Yeah cooking for two can seem to be a issue but it's really not. We are empty nesters here but that doesn't stop us. I still smoke 11-12 lb briskets. We eat our fill that evening, then during clean up we portion out the remaining into dinners for two, place them in foodsaver bags, suck out the air and into the freezer. Thawed and warmed they are still great!
Regarding toughness and brisket: (remember I'm coming from using whole packers, point and flat still attached...) its all about getting the brisket to the color you like, then we double wrap tight in foil and put it right back on. This helps power through the stall AND preserves the moisture. It's done when it done - i.e. when a probe goes in the thickest part of the flat without resistance (like a knife through butter). BTW: go in from the top not the side or all that wonderful juice will flow out!

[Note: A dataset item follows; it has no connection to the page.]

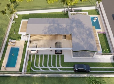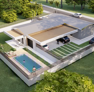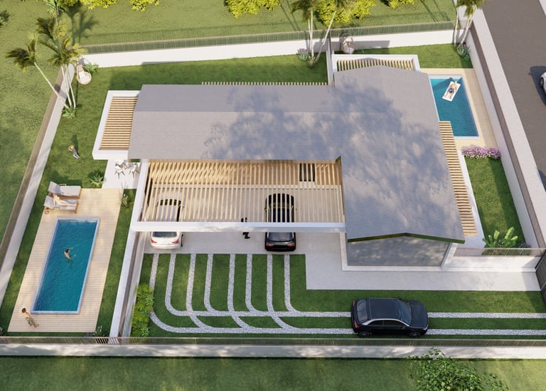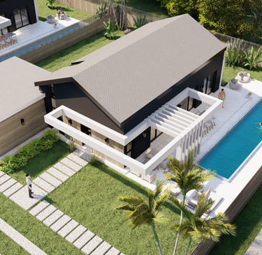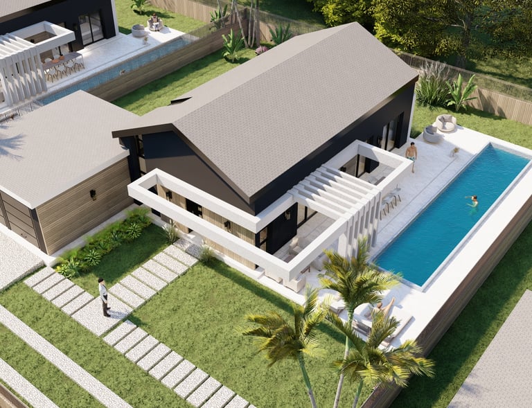 Bifamiliare di design con ampi spazi esterni e due piscine private, ideale per vivere comfort e privacy immersi nel verde.

You'll notice I made no mention of temps there...that's because temp is not the first but third in the priority of elements when smoking briskets with the first two being look and feel. Personally, when the color (that we like) is reached my temps are somewhere in the 145-160º range. Every brisket is/can be different, not to mention type of smoker and temps used. I know from past smokes approximately how long it will be before it finishes after wrapping and start probing it 1/2 hour early. I use a thermapen for the feel so by default the temp reading comes along for the ride. Finishing temps again vary (can't stress this enough, it's done when its done via the "feel") but their range seems to end up between 198-215º. Guess a good thumb would be 203º.
Good luck & Keep Smoking - it's get better!